Coun Keith Dredge (Lab, Keighley West) said the appeal was “a blow” and could lead to Riley’s family and the wider community “re-living the trauma”. Coun Dredge, who was active in supporting the community after the tragic death, said the appeal could also lead to more expense for taxpayers.
He said: “The guy is legally entitled to appeal but I have faith in the British justice system.
“The family will never get over something like this and they don’t need their faces rubbing in it.”
Rosser’s legal team had urged the judge to take into consideration recent judicial debate on the legality of whole-life tariffs and asked him to step back from imposing one.

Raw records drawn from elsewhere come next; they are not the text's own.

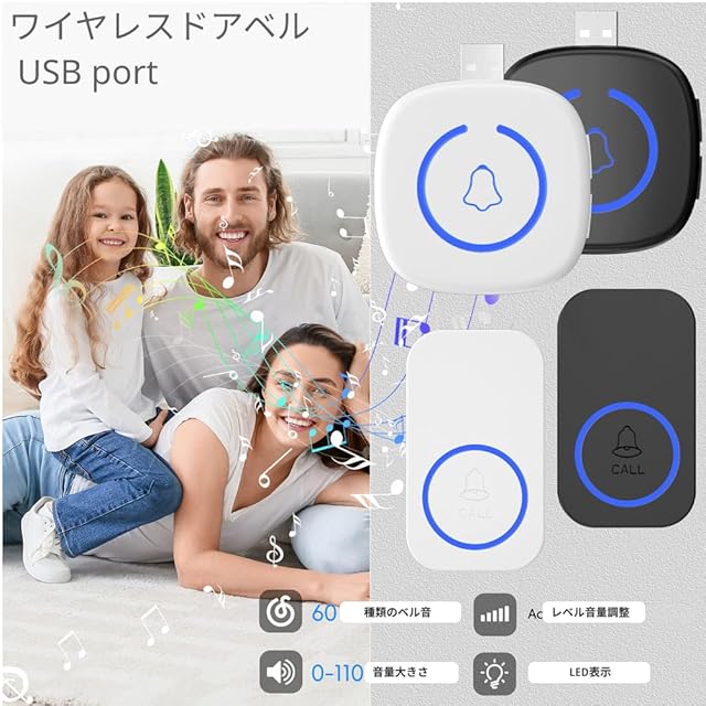玄関チャイム ドアベルキット ワイヤレスチャイム ドアベル HAB 工事不要 USB式電源 60メロディー 5段階音量 ワイヤレス通信が最大300メートル 呼び鈴 玄関 自宅 ナースコール 事務所 工場 介護現場 店舗 レストラン 居酒屋 受信機1個 送信機1個
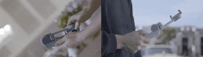 ジンバルモードでは288mm、自撮り棒モードでは350mmの長さに展開できる。さらに三脚機能も付いているため、ハンズフリー撮影も可能だ。
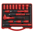 Hardened and tempered Chrome Vanadium steel sockets and accessories. Chrome plated for resistance to corrosion. Each component is fully insulated to VDE and EN 60900 standards to protect from electric shocks up to 1500V DC and 1000V AC. Ideal for technicians working on modern hybrid and electrical vehicles (1500V DC safe live working). Also suitable for electricians and other trades (1000V AC safe live working). Supplied in storage case.
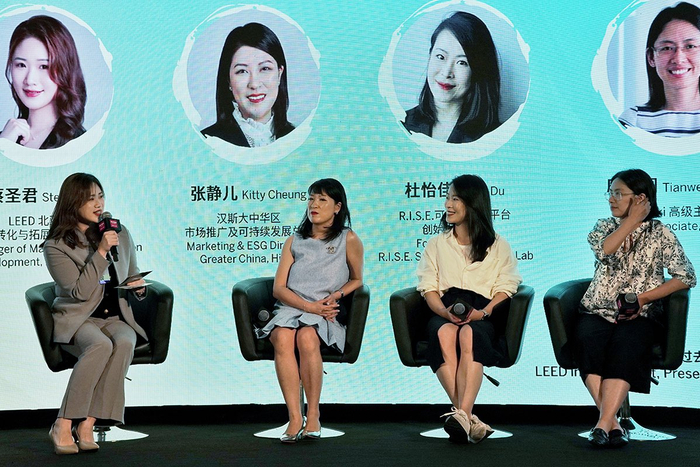 圆桌讨论环节,论坛邀请到LEED北亚区市场转化与拓展部高级经理蔡圣君、R.I.S.E.可持续创新平台创始人兼CEO杜怡佳、汉斯大中华区市场推广及可持续发展总监张静儿、Sasaki高级主管周天闻围绕“畅想绿色未来:多态、多样、多元”这一主题展开了热烈的讨论,嘉宾们从不同角度探讨了绿色发展的多元路径,分享了各自在可持续发展领域的经验和见解。

The European Court of Human Rights last year ruled that the sentences must be reviewed and the Court of Appeal will decide at a later date whether they should remain legal, though the government insists that whole-life tariffs are “wholly justified in the most heinous cases”.
But Mr Justice Coulson, in sentencing Rosser, said: “I am in no doubt that the only permissible approach is to continue to apply the domestic law.
“It would cause chaos if judges did not apply long-standing statutory provisions merely because there was a risk that, at some stage in the future, those provisions might be the subject of review or amendment.”